= Problem to solve =
Write out the material below again, line for line, without any images.

= Source material =

╔══

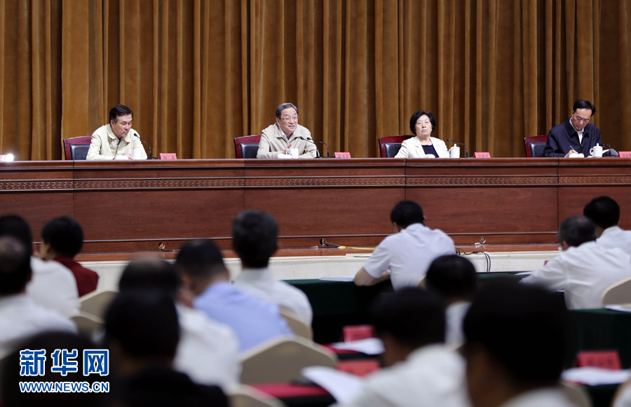 圖為7月10日,俞正聲出席第六次全國(guó)對(duì)口支援新疆工作會(huì)議第一次全體會(huì)議(新華社)
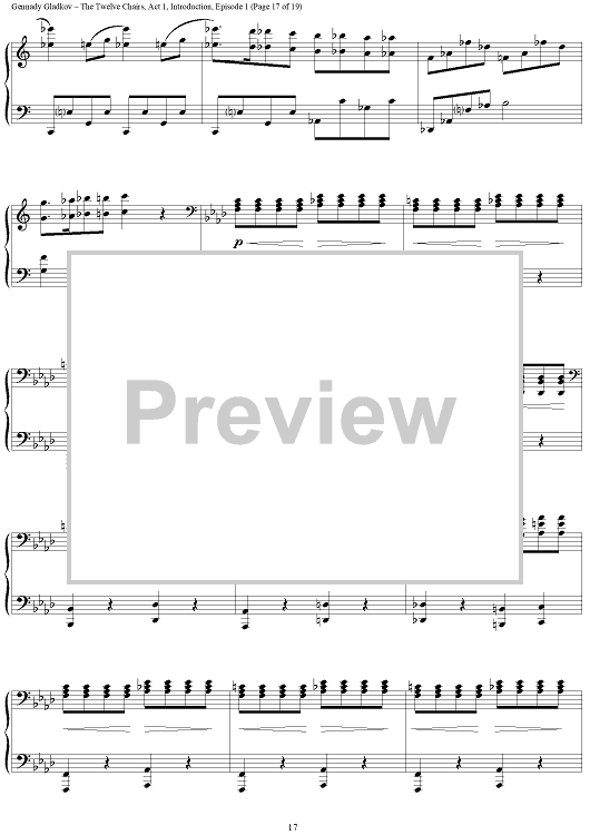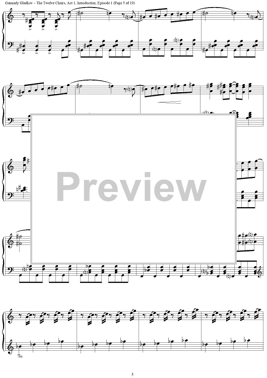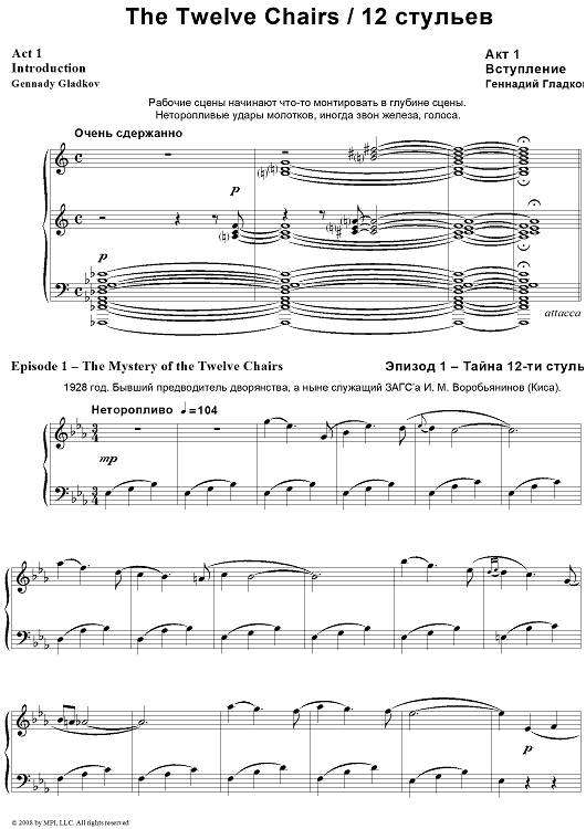 Digital Sheet Music for The Twelve Chairs. Act 1. Introduction. Episode 1 – The Mystery of the Twelve Chairs by , Gennady Gladkov scored for Piano Solo; id:403477
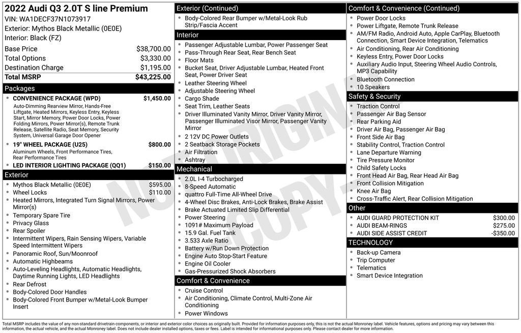 10 Speakers, 19 Wheel Package, Alarm w/Motion Sensor, AM/FM radio, Audi Advanced Key, Audi Beam-Rings, Audi smartphone interface (Apple CarPlay/Android Auto), Auto High-beam Headlights, Brake assist, Convenience Package, Delay-off headlights, Driver Memory, Emergency communication system: Audi connect CARE, Frameless Auto-Dimming Interior Mirror w/Compass, Front Center Armrest, Front dual zone A/C, Front fog lights, Fully automatic headlights, Heated door mirrors, Heated Front Bucket Seats, Heated Power-Folding Exterior Mirrors, HomeLink Garage Door Opener, Leather Seating Surfaces, Leather steering wheel, LED Interior Lighting Package, Power driver seat, Power Liftgate, Power moonroof: Panoramic, Power passenger seat, Rain sensing wipers, Remote keyless entry, SiriusXM All Access Service, Steering wheel mounted audio controls, Wheels: 18 5-V-Spoke-S Design, Wheels: 19 5-Double-Spoke Dynamic Design.

╚══

= Solution below =
 圖為7月10日,俞正聲出席第六次全國(guó)對(duì)口支援新疆工作會(huì)議第一次全體會(huì)議(新華社)
 Digital Sheet Music for The Twelve Chairs. Act 1. Introduction. Episode 1 – The Mystery of the Twelve Chairs by , Gennady Gladkov scored for Piano Solo; id:403477
 10 Speakers, 19 Wheel Package, Alarm w/Motion Sensor, AM/FM radio, Audi Advanced Key, Audi Beam-Rings, Audi smartphone interface (Apple CarPlay/Android Auto), Auto High-beam Headlights, Brake assist, Convenience Package, Delay-off headlights, Driver Memory, Emergency communication system: Audi connect CARE, Frameless Auto-Dimming Interior Mirror w/Compass, Front Center Armrest, Front dual zone A/C, Front fog lights, Fully automatic headlights, Heated door mirrors, Heated Front Bucket Seats, Heated Power-Folding Exterior Mirrors, HomeLink Garage Door Opener, Leather Seating Surfaces, Leather steering wheel, LED Interior Lighting Package, Power driver seat, Power Liftgate, Power moonroof: Panoramic, Power passenger seat, Rain sensing wipers, Remote keyless entry, SiriusXM All Access Service, Steering wheel mounted audio controls, Wheels: 18 5-V-Spoke-S Design, Wheels: 19 5-Double-Spoke Dynamic Design.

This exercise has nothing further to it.